COUNT(c2) AS [COUNT_c2], -- Note: This causes the "Warning"
COUNT(*) AS [COUNT_all] -- Note: This gives a different result to above
FROM data
;
| SUM_c1 | COUNT_c1 | SUM_c2 | COUNT_c2 | COUNT_all |
| 3 | 3 | 3 | 2 | 3 |
Note: the warning comes from this line: SUM(c2)
The warning is telling us that the NULL value is being eliminated (thrown out) by the aggregation. So in this instance the value might as well be 0.
The danger of NULL in aggregation
NULL in COUNT
In the above example, the more interesting threat to processing and results is the COUNT(c2) as when specifying a column with a NULL, the value is discarded and no count is returned.

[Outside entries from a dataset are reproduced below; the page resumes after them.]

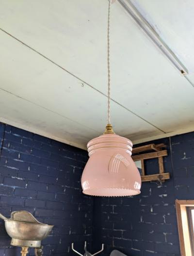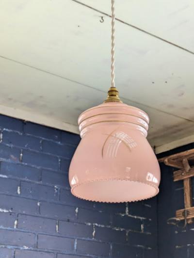 優しいさくら色が印象的なガラスのペンダントライト【45-118】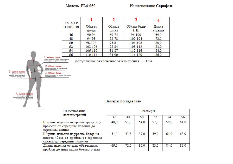 Размерная таблица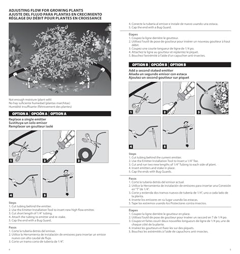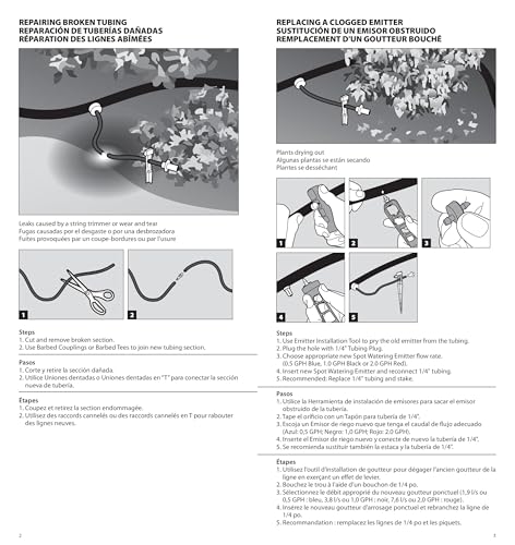 Includes trouble-shooting guide with tips on how to adjust flow or fix clogs and breaks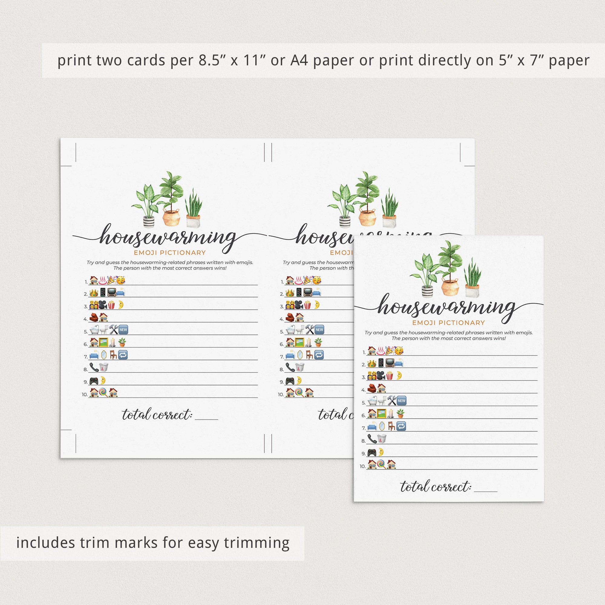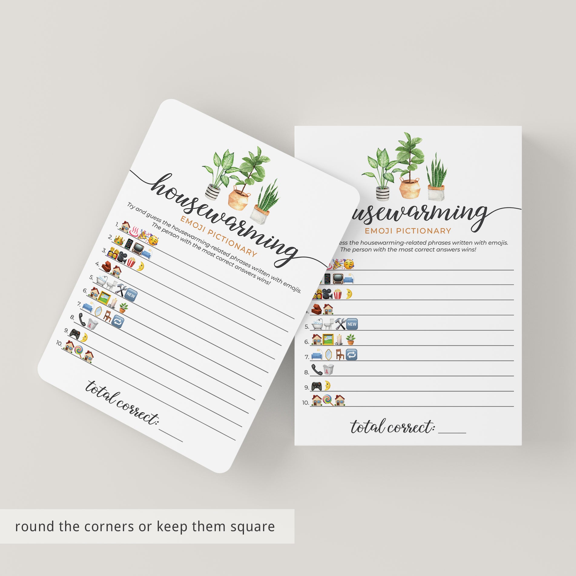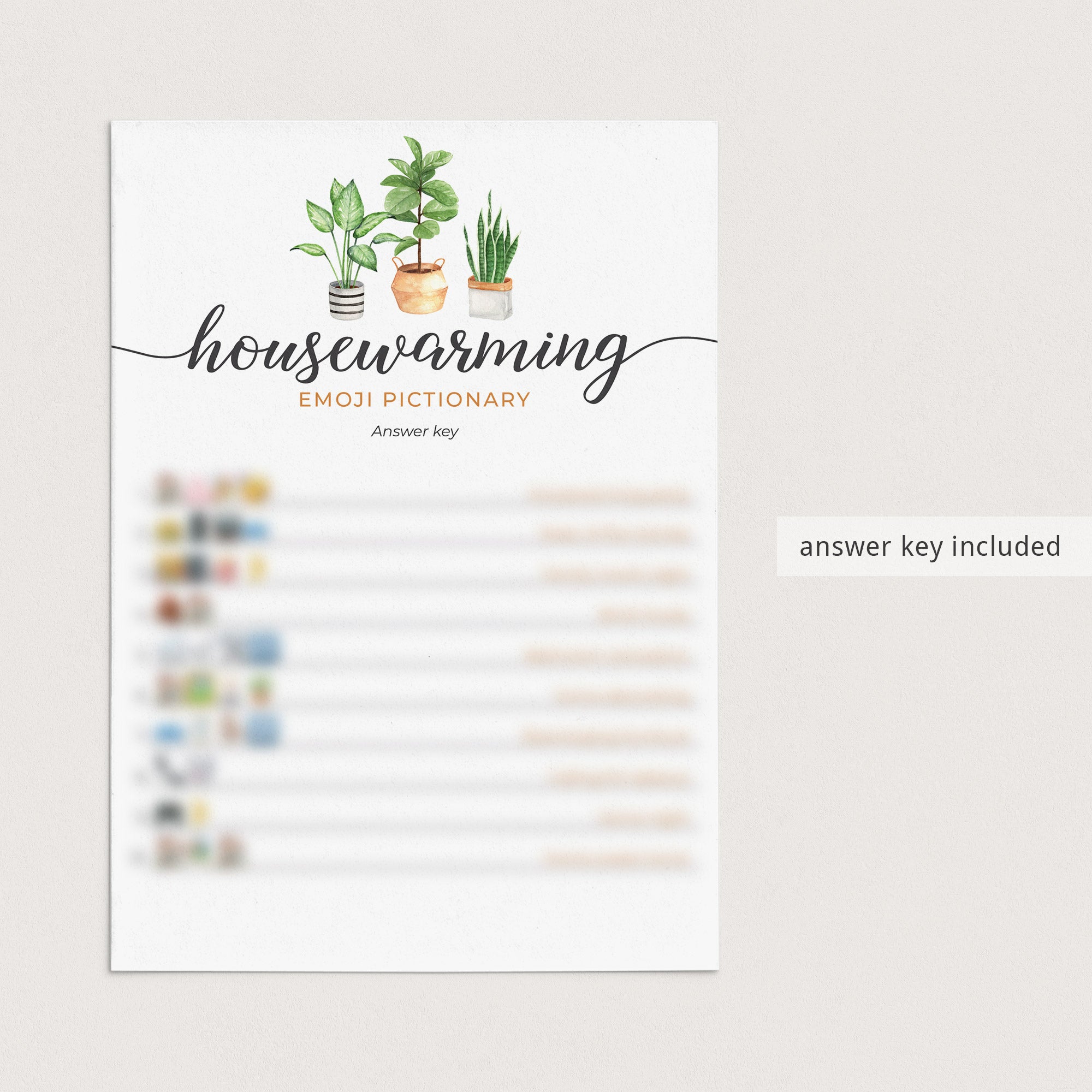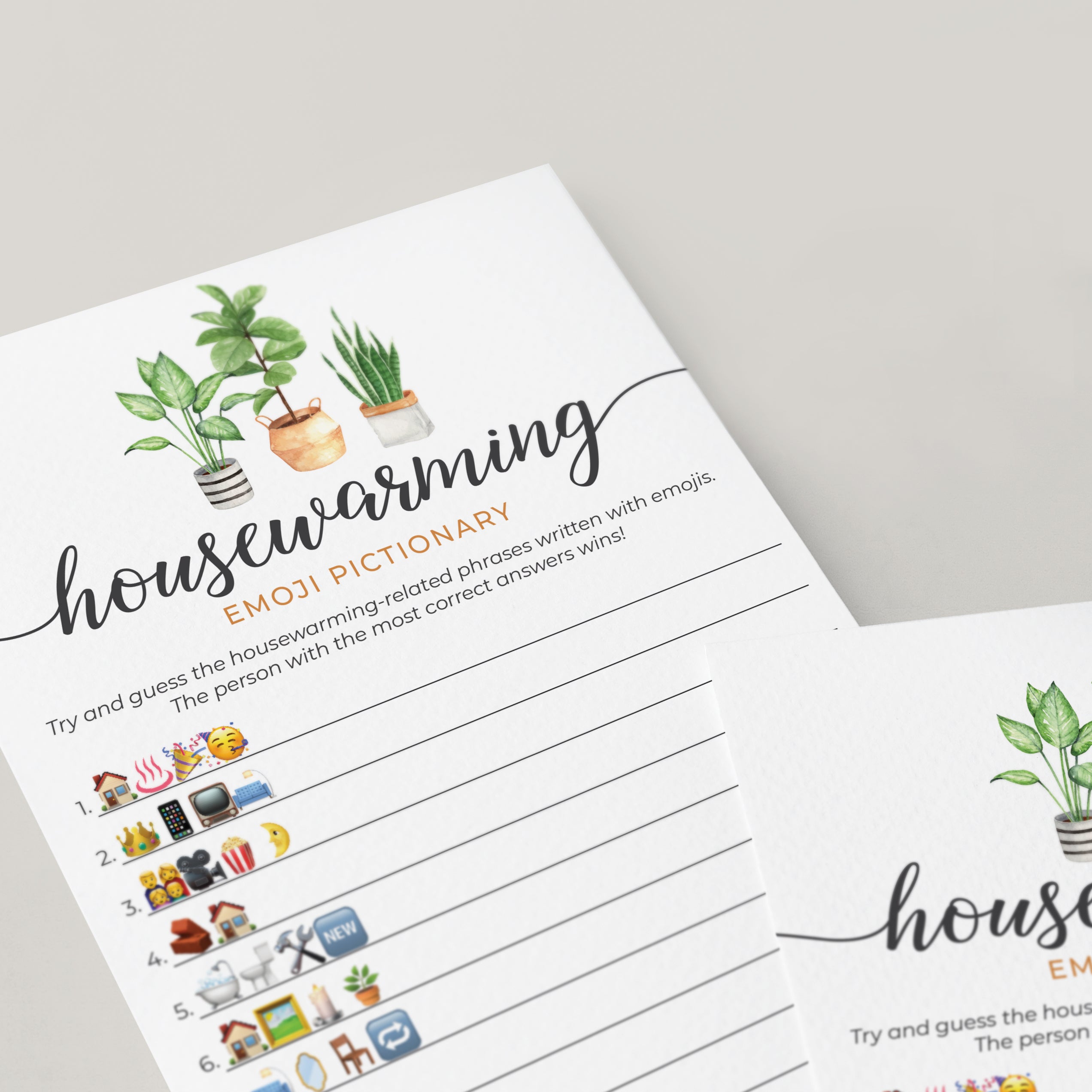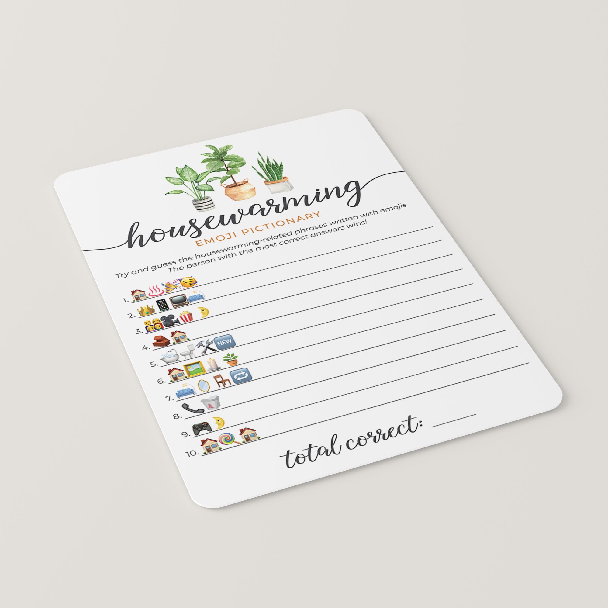 Are you looking for a fun game to play at your housewarming party? Play Emoji Pictionary! It's a great game for all ages. This housewarming emojis game with calligraphy script and watercolor house plants will fit any housewarming party theme.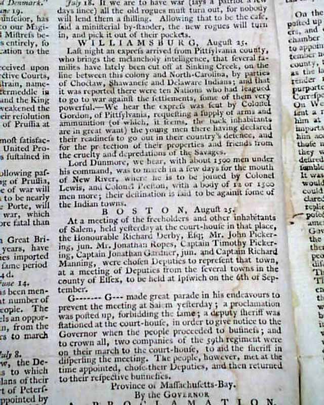 Page 2 has a brief report from London: "Hints of restoration, if asked for, have been made to Dr. Franklin, but declined." Page 2 also has a report from Williamsburg concerning the killing of settlers in the Carolinas by Choctaw, Shawanese & Delaware Indians.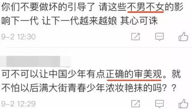 结果网民一窝蜂地对这几位明星展开人身攻击,认为让这样的“娘炮”代表中国少年,会给下一代的审美造成不好的影响。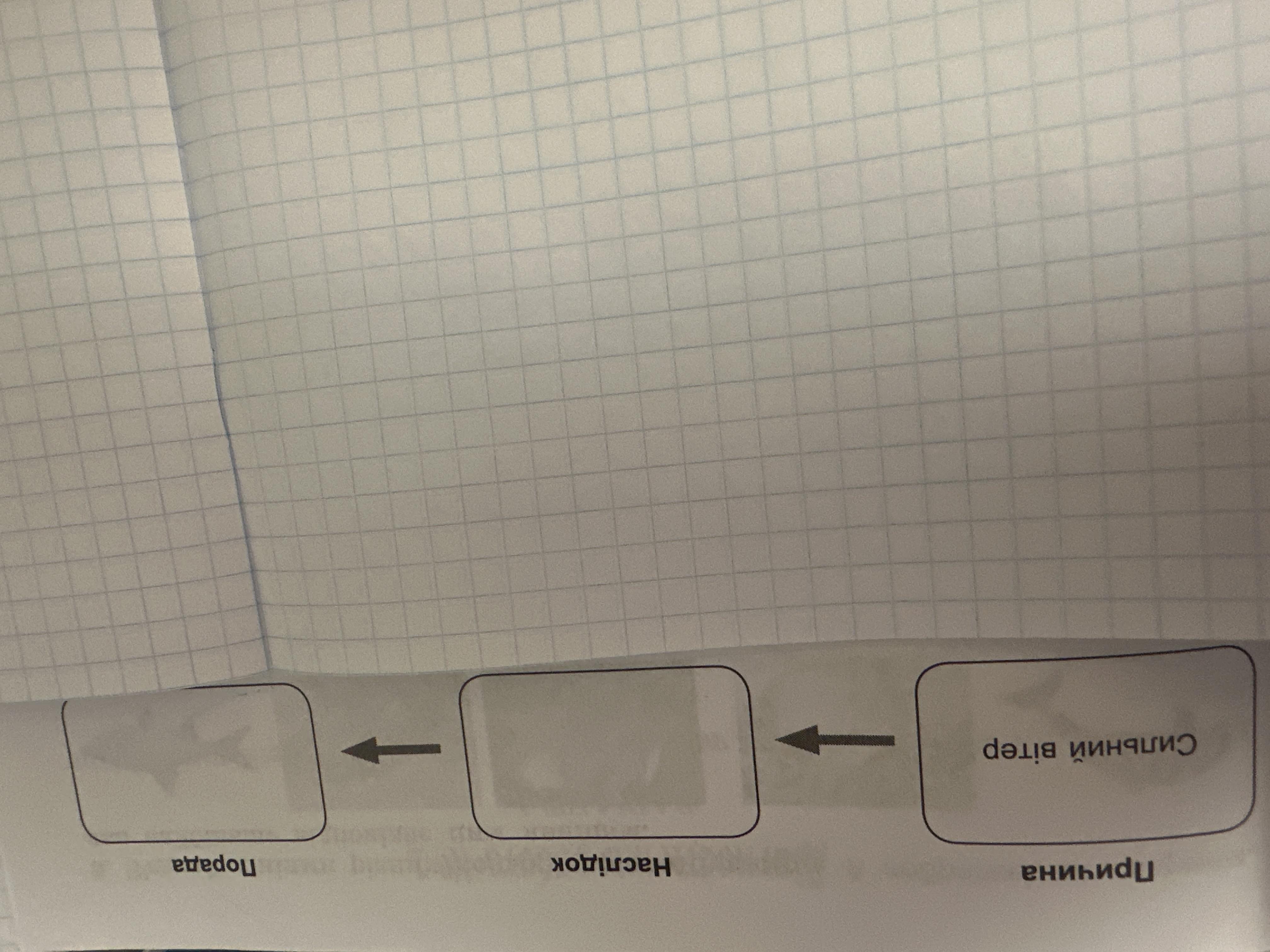 Установи причинно-наслідкові зв’язки і заповни логічний ланцюжок щодо зазначених процесів і явищ.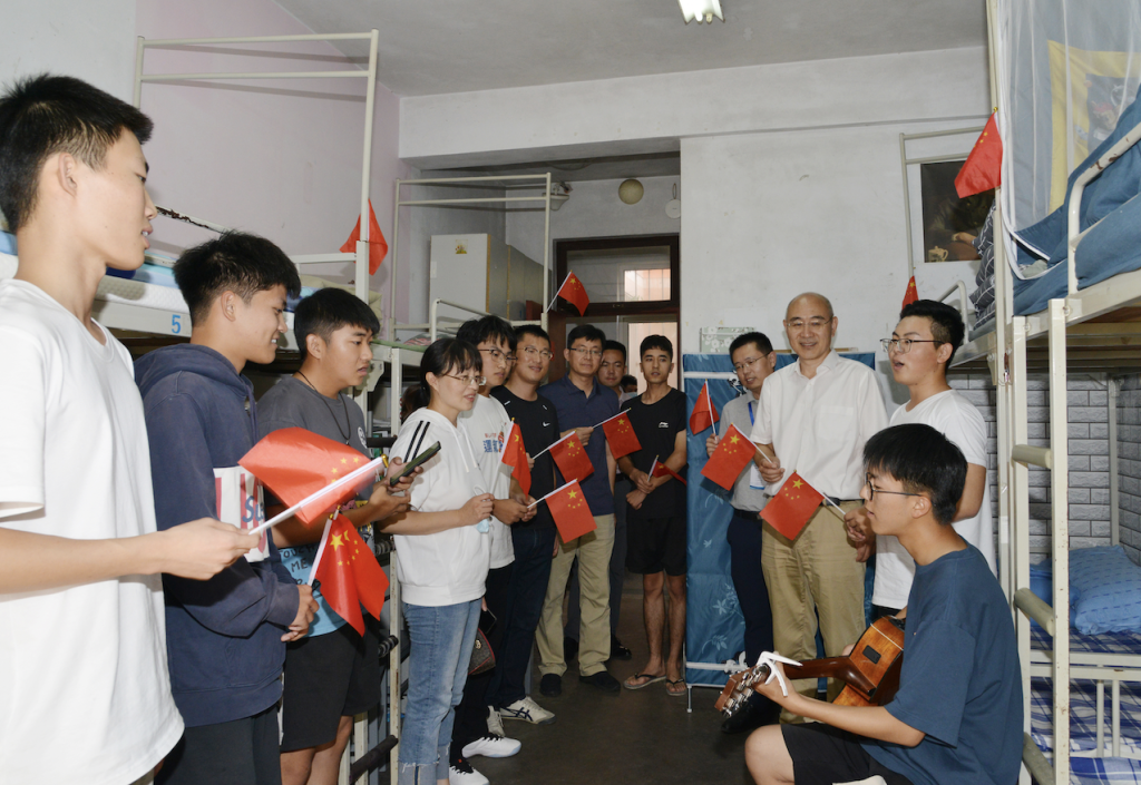 德赢vwin体育官网登录校长陈克正受邀参加了新生宿舍的主题团日活动,在崂山校区南5号楼105宿舍,同学们弹奏起吉他,和陈克正校长及其他部门老师共同歌唱《我和我的祖国》;在107宿舍,大家共同观看了央视《中国梦·祖国颂—2021国庆特别节目》,铭记红色历史,赓续红色血脉。陈克正详细了解了秋季学期开学以来同学们在校的学习、生活情况,肯定了同学们积极加入体育协会,在体育锻炼中享受乐趣、增强体质、健全人格、锤炼意志,他嘱咐同学们要厚植爱国情、砥砺强国志。陈克正表示,“要培养德智体美劳全面发展的社会主义建设者和接班人,就要始终牢记为党育人,为国育才的初心使命,切实把同学们的日常生活丰富起来,积极推动体育改革进程,引领青年学子立大志、明大德、成大才、担大任,深入践行‘请党放心、强国有我’的铿锵誓言,为实现中华民族伟大复兴作出科大学子应有的贡献。”

Note that COUNT(*) is safe when trying to get a count of rows in an aggregation.
NULL in addition
NULL in addition (as part of a row level expression) when added to another number returns NULL, see this example:
SELECT 1 + 1 AS [c1],
1 + NULL AS [c2], -- The problem
1 + COALESCE(NULL, 0) AS [c3] -- The simple solution
;
| c1 | c2 | c3 |
| 2 | NULL | 1 |
On a row by row basis we will see it quickly. But as shown with the SUM above (generating the warning) when combined with an aggregation that NULL can get easily lost:
WITH data AS (
SELECT 1 + 1 AS [c1],
1 + NULL AS [c2], -- The problem
1 + COALESCE(NULL, 0) AS [c3] -- The simple solution
UNION ALL
SELECT 1 AS [c1],
1 AS [c2],
1 AS [c3]
)
SELECT SUM([c1]) AS [c1_sum],
SUM([c2]) AS [c2_sum], -- This is incorrect
SUM([c3]) AS [c3_sum] -- This is what we want
FROM data
;
| c1_sum | c2_sum | c3_sum |
| 3 | 1 | 2 |
In the above example, the value for c2_sum is probably incorrect for what most people would want/expect as it’s not including the first value being added.
For c3 (and c3_sum) the use of COALESCE replaces the NULL with 0 and returns the expected result.